The Lost City of Z

Le bois dont les rêves sont faits

Après dix ans de tentatives avortées, James Gray parvient enfin à réaliser son film le plus ambitieux, tournant aussi majeur qu’inattendu dans
une œuvre d’une maturité toujours plus impressionnante après seulement six films.

Du début du siècle à l’entre-deux-guerres, la quête d’une légendaire cité dans la jungle amazonienne va mener l’explorateur Percy Fawcett aux limites du monde connu. Au fil d’allers-retours entre le monde sauvage et l’Angleterre, la force d’attraction de l’aventure va l’éloigner des siens, au risque de le perdre.

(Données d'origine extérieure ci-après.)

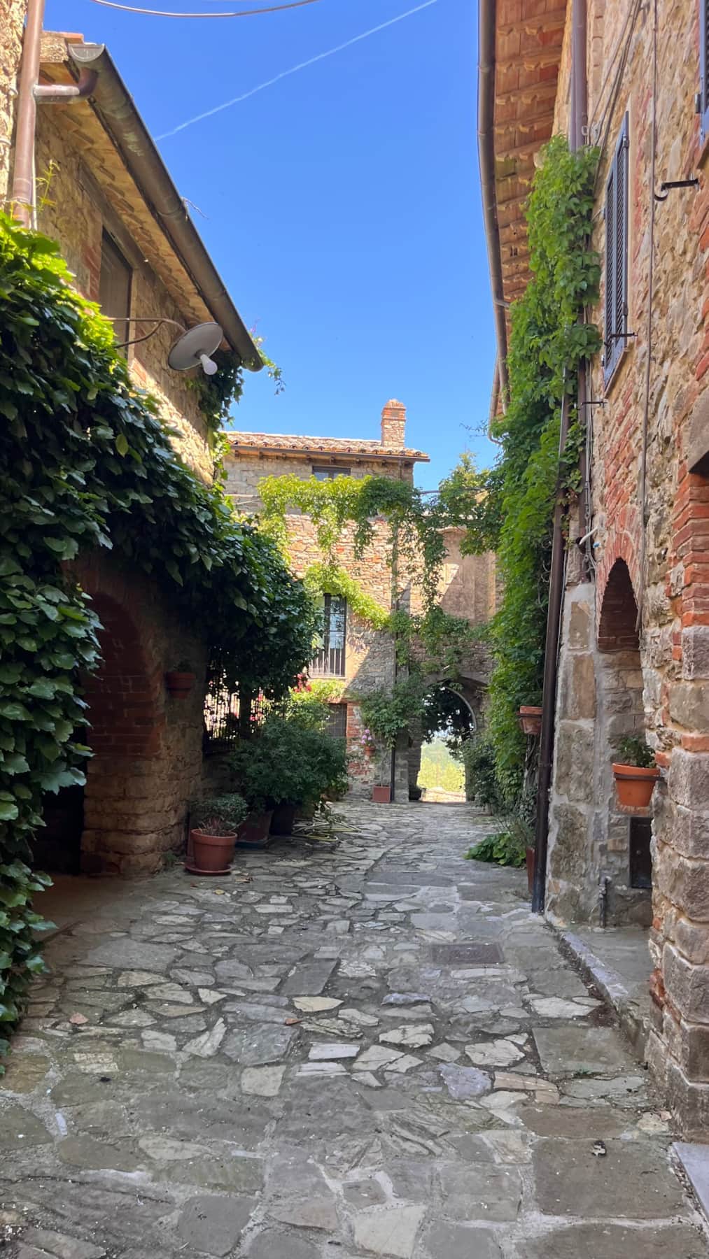 Der Blick von hier hat sich über die Jahrhunderte kaum verändert: im Westen liegt in einiger Entfernung der bewohnte Burg-Weiler Greppolieschetto, im Süden die Burg Montegiove. Nachbarn gibt es kilometerweit keine.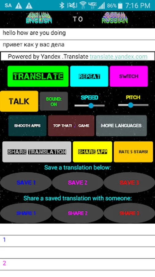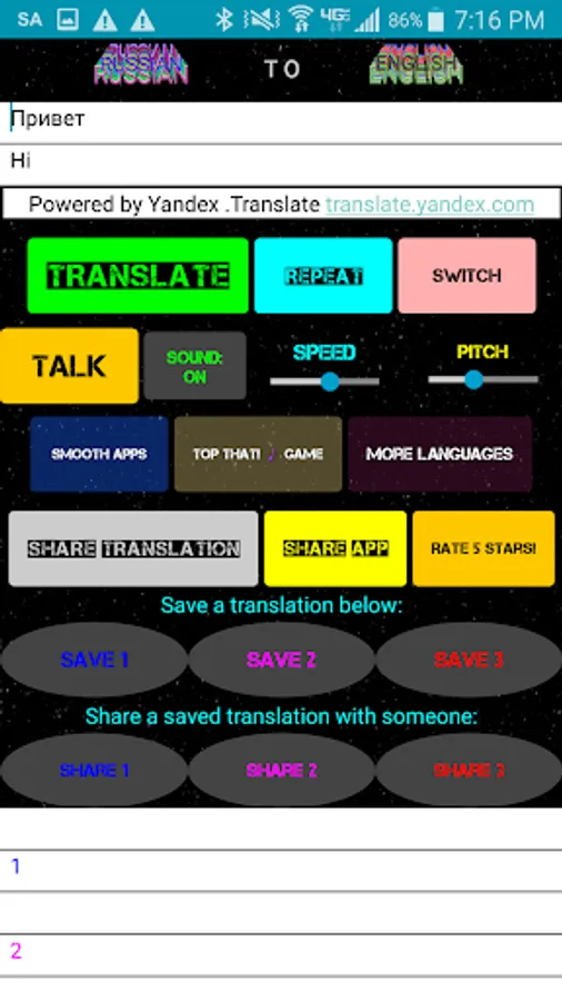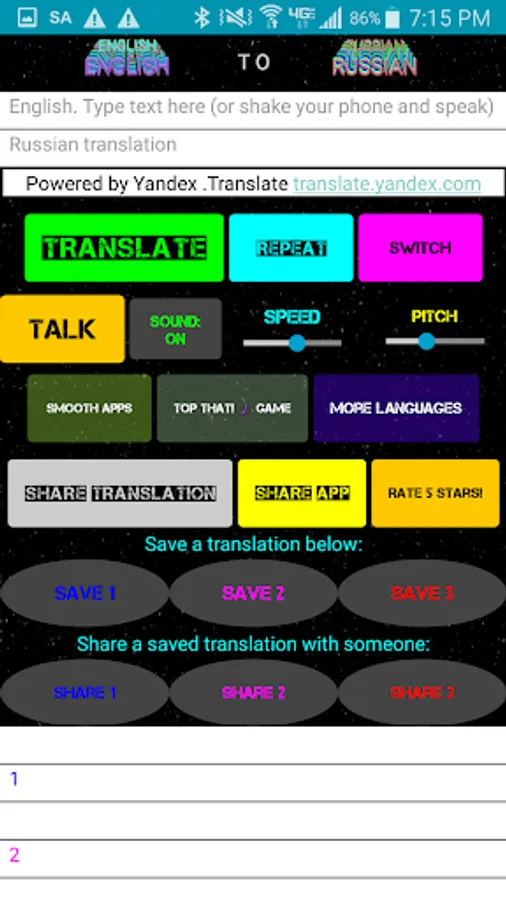 Type the text and press 'TRANSLATE', or just shake your phone and speak. The app will automatically translate the text and speak the translation back to you.

À une époque où la moindre réussite estimable peut se voir cataloguer « film-de-l’année », et où les injonctions superlatives font trop souvent office de réflexion critique (qu’on se souvienne du déjà culte « IMPOSSIBLE DE NE PAS AIMER ! » hurlé sur les affiches du plaisant La La Land…), il faut savoir reconnaître sereinement les œuvres rares qui bouleversent les codes de genres et de récits archétypaux, et proposent un récapitulatif de plusieurs décennies d’histoire du cinéma, pour défricher de nouvelles pistes d’explorations. The Lost City of Z, film longtemps maudit, dont il était possible de craindre que le résultat ne souffre de sa chaotique et interminable gestation, est de ceux-là.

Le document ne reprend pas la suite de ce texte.